_Problem to solve_.
Pictures aside, restate the records below exactly as written.

----------

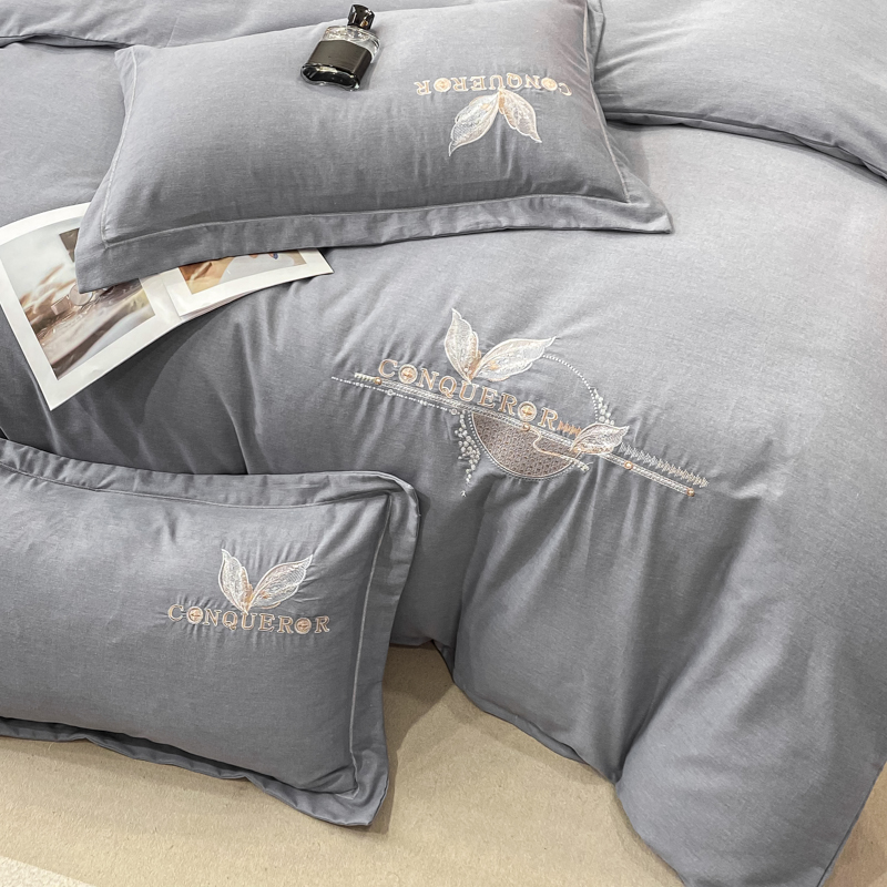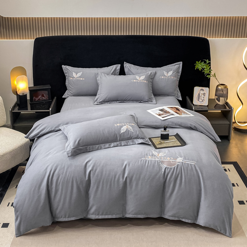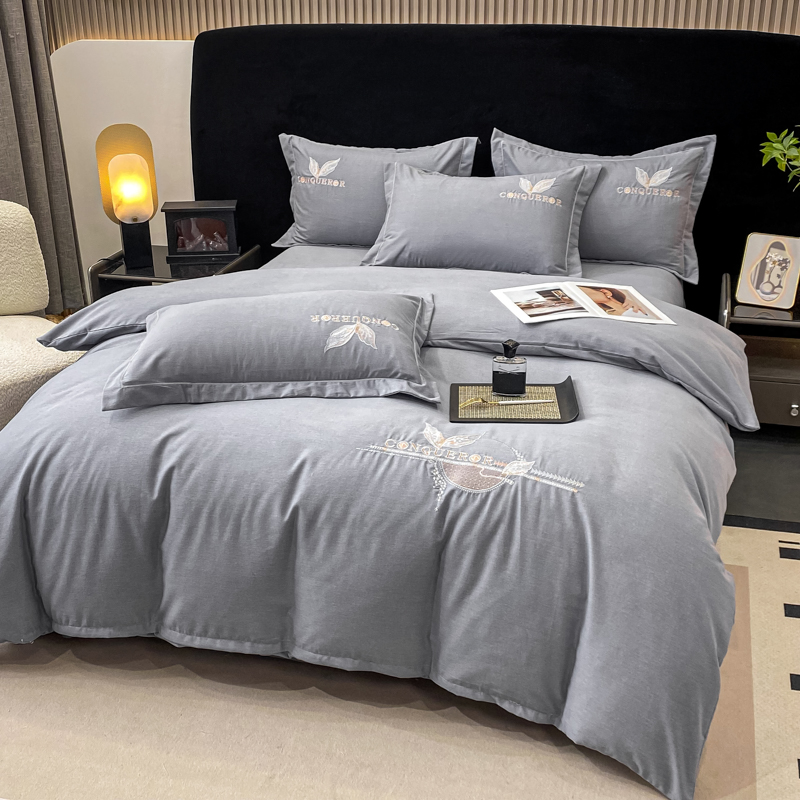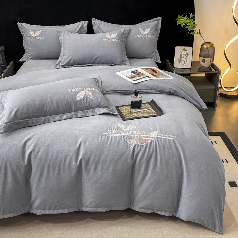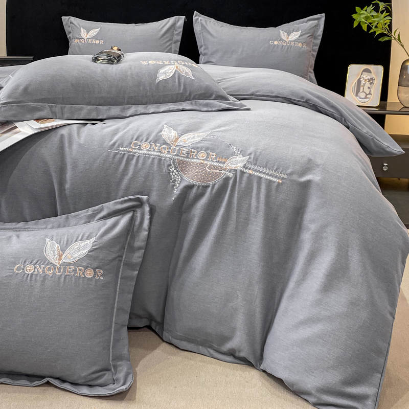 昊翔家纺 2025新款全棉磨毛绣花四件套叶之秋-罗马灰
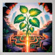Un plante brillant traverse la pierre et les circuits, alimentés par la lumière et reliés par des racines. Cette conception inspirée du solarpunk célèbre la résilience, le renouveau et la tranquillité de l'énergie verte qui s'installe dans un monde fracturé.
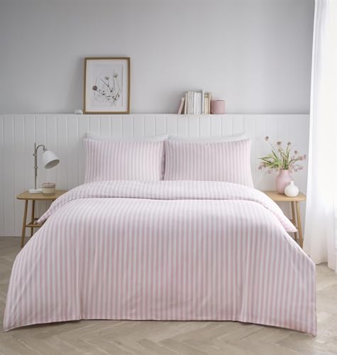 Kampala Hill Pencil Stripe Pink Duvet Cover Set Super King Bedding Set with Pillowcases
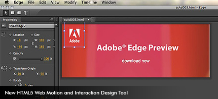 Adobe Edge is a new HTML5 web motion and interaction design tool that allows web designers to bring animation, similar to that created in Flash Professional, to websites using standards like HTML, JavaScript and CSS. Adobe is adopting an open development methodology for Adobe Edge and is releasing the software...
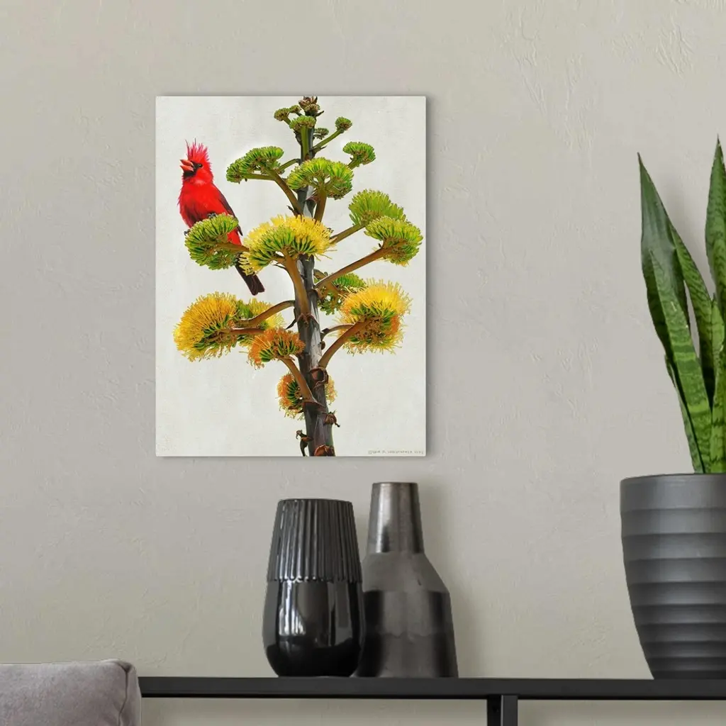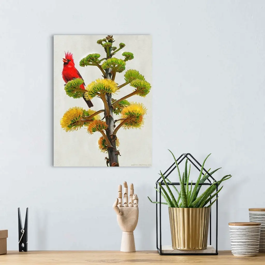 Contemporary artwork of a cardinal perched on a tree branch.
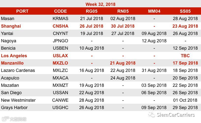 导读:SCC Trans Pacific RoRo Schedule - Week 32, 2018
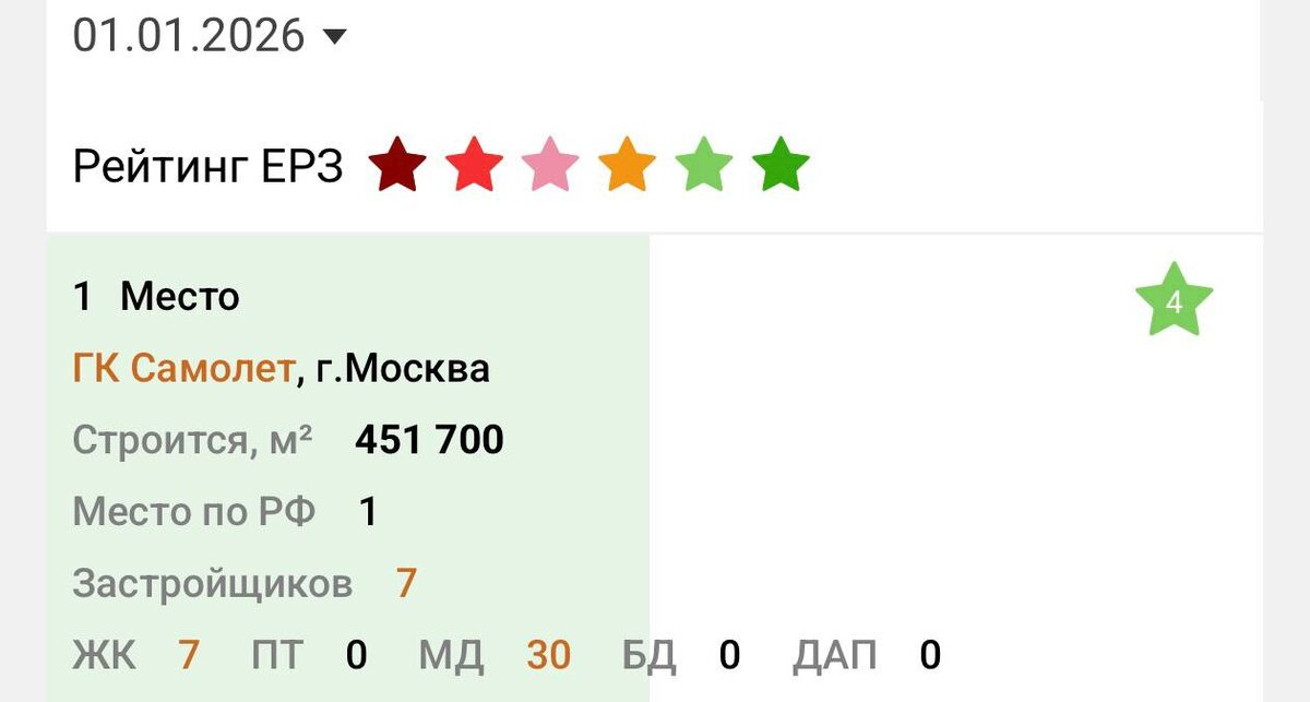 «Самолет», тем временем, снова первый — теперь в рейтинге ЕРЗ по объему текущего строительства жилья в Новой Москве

----------

_Response area_.
 昊翔家纺 2025新款全棉磨毛绣花四件套叶之秋-罗马灰
Un plante brillant traverse la pierre et les circuits, alimentés par la lumière et reliés par des racines. Cette conception inspirée du solarpunk célèbre la résilience, le renouveau et la tranquillité de l'énergie verte qui s'installe dans un monde fracturé.
 Kampala Hill Pencil Stripe Pink Duvet Cover Set Super King Bedding Set with Pillowcases
 Adobe Edge is a new HTML5 web motion and interaction design tool that allows web designers to bring animation, similar to that created in Flash Professional, to websites using standards like HTML, JavaScript and CSS. Adobe is adopting an open development methodology for Adobe Edge and is releasing the software...
 Contemporary artwork of a cardinal perched on a tree branch.
 导读:SCC Trans Pacific RoRo Schedule - Week 32, 2018
 «Самолет», тем временем, снова первый — теперь в рейтинге ЕРЗ по объему текущего строительства жилья в Новой Москве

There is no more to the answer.